# [Dataset excerpt]
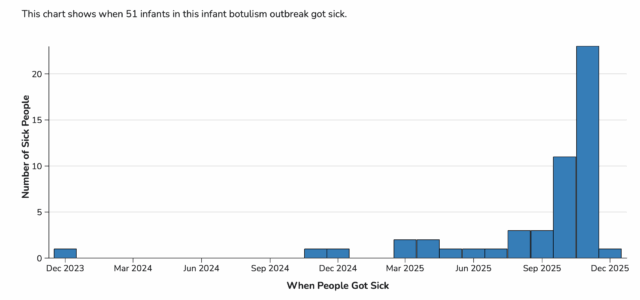 Previously, case counts included illnesses from August 1, 2025, onward. With the expanded definition, CDC and state partners identified 10 additional prior cases that occurred from December 2023 through July 2025. At this time, no cases have been identified between March 2022 and December 2023. All 10 prior cases are confirmed infant botulism cases with documented exposure to ByHeart formula.
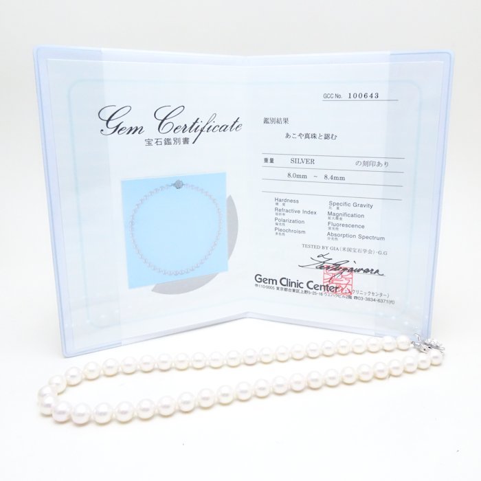 パール ネックレス 42.5cm あこや真珠8~8.4ミリ シルバー/74991【中古】
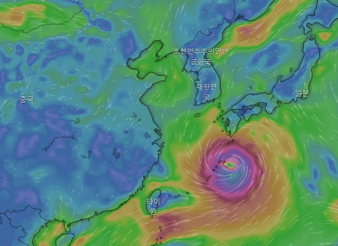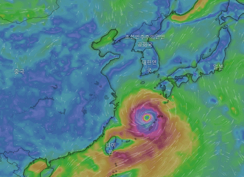 台風が突然方向を変えて日本を通過して韓国をかすめるように過ぎて東海に行く
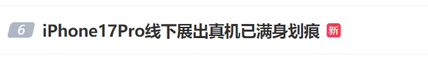 9月19日,iPhone 17系列新机正式开售。首发不久,有第一批拿到新机的网友已开启吐槽模式,在社交平台上称新机刚开箱就出现划痕、凹陷等品控问题。有网友表示,1万多的新机连数据还没传,就发现iPhone 17 Pro银色款边框出现磕痕瑕疵,已联系客服想要换货。有博主晒出店铺内的上手图,早上刚刚展出的新机已经满身划痕,蓝色版本尤为严重。

# [Required work]
Copy out, with no pictures, the lines from the one containing "パール ネックレス 42.5cm あこや真珠8~8.4ミリ シルバー/74991【中古】" through the last line of the data above, both ends included and each word unchanged.

# [Problem solution]
 パール ネックレス 42.5cm あこや真珠8~8.4ミリ シルバー/74991【中古】
 台風が突然方向を変えて日本を通過して韓国をかすめるように過ぎて東海に行く
 9月19日,iPhone 17系列新机正式开售。首发不久,有第一批拿到新机的网友已开启吐槽模式,在社交平台上称新机刚开箱就出现划痕、凹陷等品控问题。有网友表示,1万多的新机连数据还没传,就发现iPhone 17 Pro银色款边框出现磕痕瑕疵,已联系客服想要换货。有博主晒出店铺内的上手图,早上刚刚展出的新机已经满身划痕,蓝色版本尤为严重。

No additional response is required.